Bansal Mukul S, Alm Eric J, Kellis Manolis
1 Computer Science and Artificial Intelligence Laboratory, Massachusetts Institute of Technology , Cambridge, Massachusetts.
J Comput Biol. 2013 Oct;20(10):738-54. doi: 10.1089/cmb.2013.0073. Epub 2013 Sep 14.

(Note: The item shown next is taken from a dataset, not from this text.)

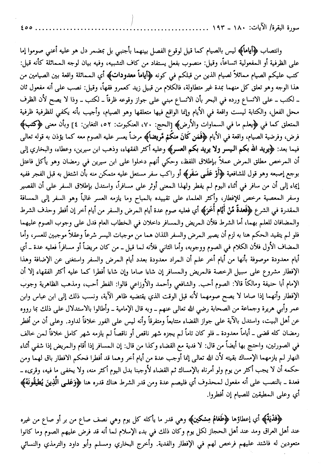 كتب عليكم الصيام مماثلا لصيام الذين من قبلكم في كونه أَيَّاماً مَعْدُوداتٍ أي المماثلة واقعة بين الصيامين من هذا الوجه وهو تعلق كل منهما بمدة غير متطاولة، فالكلام من قبيل زيد كعمرو فقها، وقيل: نصب على أنه مفعول ثان- لكتب- على الاتساع ورده في البحر بأن الاتساع مبني على جواز وقوعه ظرفا- لكتب- وذا لا يصح لأن الظرف محل الفعل، والكتابة ليست واقعة في الأيام وإنما الواقع فيها متعلقها وهو الصيام، وأجيب بأنه يكفي للظرفية ظرفية المتعلق كما في يَعْلَمُ ما فِي السَّماواتِ وَالْأَرْضِ [الحج: 70، العنكبوت: 52، التغابن: 4] وبأن معنى كُتِبَ فرض، وفرضية الصيام، واقعة في الأيام وَمَنْ كانَ مَرِيضاً مرضا يعسر عليه الصوم معه كما يؤذن به قوله تعالى فيما بعد: يُرِيدُ اللَّهُ بِكُمُ الْيُسْرَ وَلا يُرِيدُ بِكُمُ الْعُسْرَ وعليه أكثر الفقهاء، وذهب ابن سيرين، وعطاء، والبخاري إلى أن المرخص مطلق المرض عملا بإطلاق اللفظ، وحكي أنهم دخلوا على ابن سيرين في رمضان وهو يأكل فاعتل بوجع إصبعه وهو قول للشافعية أَوْ عَلى سَفَرٍ أو راكب سفر مستعل عليه متمكن منه بأن اشتغل به قبل الفجر ففيه إيماء إلى أن من سافر في أثناء اليوم لم يفطر ولهذا المعنى أوثر على مسافرا، واستدل بإطلاق السفر على أن القصير وسفر المعصية مرخص للإفطار، وأكثر العلماء على تقييده بالمباح وما يلزمه العسر غالبا وهو السفر إلى المسافة المقدرة في الشرع فَعِدَّةٌ مِنْ أَيَّامٍ أُخَرَ أي فعليه صوم عدة أيام المرض والسفر من أيام أخر إن أفطر وحذف الشرط والمضافان للعلم بهما، أما الشرط فلأن المريض والمسافر داخلان في الخطاب العام فدل على وجوب الصوم عليهما فلو لم يتقيد الحكم هنا به لزم أن يصير المرض والسفر اللذان هما من موجبات اليسر شرعا وعقلا موجبين للعسر، وأما المضاف الأول فلأن الكلام في الصوم ووجوبه، وأما الثاني فلأنه لما قيل- من كان مريضا أو مسافرا فعليه عدة- أي أيام معدودة موصوفة بأنها من أيام أخر علم أن المراد معدودة بعدد أيام المرض والسفر واستغنى عن الإضافة وهذا الإفطار مشروع على سبيل الرخصة فالمريض والمسافر إن شاءا صاما وإن شاءا أفطرا كما عليه أكثر الفقهاء إلا أن الإمام أبا حنيفة ومالكا قالا: الصوم أحب. والشافعي وأحمد والأوزاعي قالوا: الفطر أحب، ومذهب الظاهرية وجوب الإفطار وأنهما إذا صاما لا يصح صومهما لأنه قبل الوقت الذي يقتضيه ظاهر الآية، ونسب ذلك إلى ابن عباس وابن عمر وأبي هريرة وجماعة من الصحابة رضي الله تعالى عنهم- وبه قال الإمامية- وأطالوا بالاستدلال على ذلك بما رووه عن أهل البيت، واستدل بالآية على جواز القضاء متتابعا ومتفرقا وأنه ليس على الفور خلافا لداود. وعلى أن من أفطر رمضان كله قضى- أياما معدودة- فلو كان تاما لم يجزه شهر ناقص أو ناقصا لم يلزمه شهر كامل خلافا لمن خالف في الصورتين، واحتج بها أيضا من قال: لا فدية مع القضاء وكذا من قال: إن المسافر إذا أقام والمريض إذا شفي أثناء النهار لم يلزمهما الإمساك بقيته لأن الله تعالى إنما أوجب عدة من أيام أخر وهما قد أفطرا فحكم الإفطار باق لهما ومن حكمه أن لا يجب أكثر من يوم ولو أمرناه بالإمساك ثم القضاء لأوجبنا بدل اليوم أكثر منه، ولا يخفى ما فيه، وقرىء- فعدة- بالنصب على أنه مفعول لمحذوف أي فليصم عدة ومن قدر الشرط هناك قدره هنا وَعَلَى الَّذِينَ يُطِيقُونَهُ أي وعلى المطيقين للصيام إن أفطروا.

Phylogenetic tree reconciliation is a powerful approach for inferring evolutionary events like gene duplication, horizontal gene transfer, and gene loss, which are fundamental to our understanding of molecular evolution. While duplication-loss (DL) reconciliation leads to a unique maximum-parsimony solution, duplication-transfer-loss (DTL) reconciliation yields a multitude of optimal solutions, making it difficult to infer the true evolutionary history of the gene family. This problem is further exacerbated by the fact that different event cost assignments yield different sets of optimal reconciliations. Here, we present an effective, efficient, and scalable method for dealing with these fundamental problems in DTL reconciliation. Our approach works by sampling the space of optimal reconciliations uniformly at random and aggregating the results. We show that even gene trees with only a few dozen genes often have millions of optimal reconciliations and present an algorithm to efficiently sample the space of optimal reconciliations uniformly at random in O(mn(2)) time per sample, where m and n denote the number of genes and species, respectively. We use these samples to understand how different optimal reconciliations vary in their node mappings and event assignments and to investigate the impact of varying event costs. We apply our method to a biological dataset of approximately 4700 gene trees from 100 taxa and observe that 93% of event assignments and 73% of mappings remain consistent across different multiple optima. Our analysis represents the first systematic investigation of the space of optimal DTL reconciliations and has many important implications for the study of gene family evolution.
系统发育树比对是推断诸如基因复制、水平基因转移和基因丢失等进化事件的有力方法,这些事件对于我们理解分子进化至关重要。虽然复制-丢失(DL)比对会得出唯一的最大简约解,但复制-转移-丢失(DTL)比对会产生大量最优解,这使得推断基因家族的真实进化历史变得困难。不同的事件成本分配会产生不同的最优比对集,这一事实进一步加剧了这个问题。在这里,我们提出了一种有效、高效且可扩展的方法来处理DTL比对中的这些基本问题。我们的方法通过在最优比对空间中随机均匀采样并汇总结果来工作。我们表明,即使是只有几十个基因的基因树通常也有上百万个最优比对,并提出了一种算法,以每个样本O(mn(2))的时间在最优比对空间中高效地随机均匀采样,其中m和n分别表示基因和物种的数量。我们使用这些样本了解不同的最优比对在节点映射和事件分配方面如何变化,并研究不同事件成本的影响。我们将我们的方法应用于一个来自100个分类单元的约4700个基因树的生物学数据集,并观察到93%的事件分配和73%的映射在不同的多个最优解中保持一致。我们的分析代表了对最优DTL比对空间的首次系统研究,对基因家族进化研究有许多重要意义。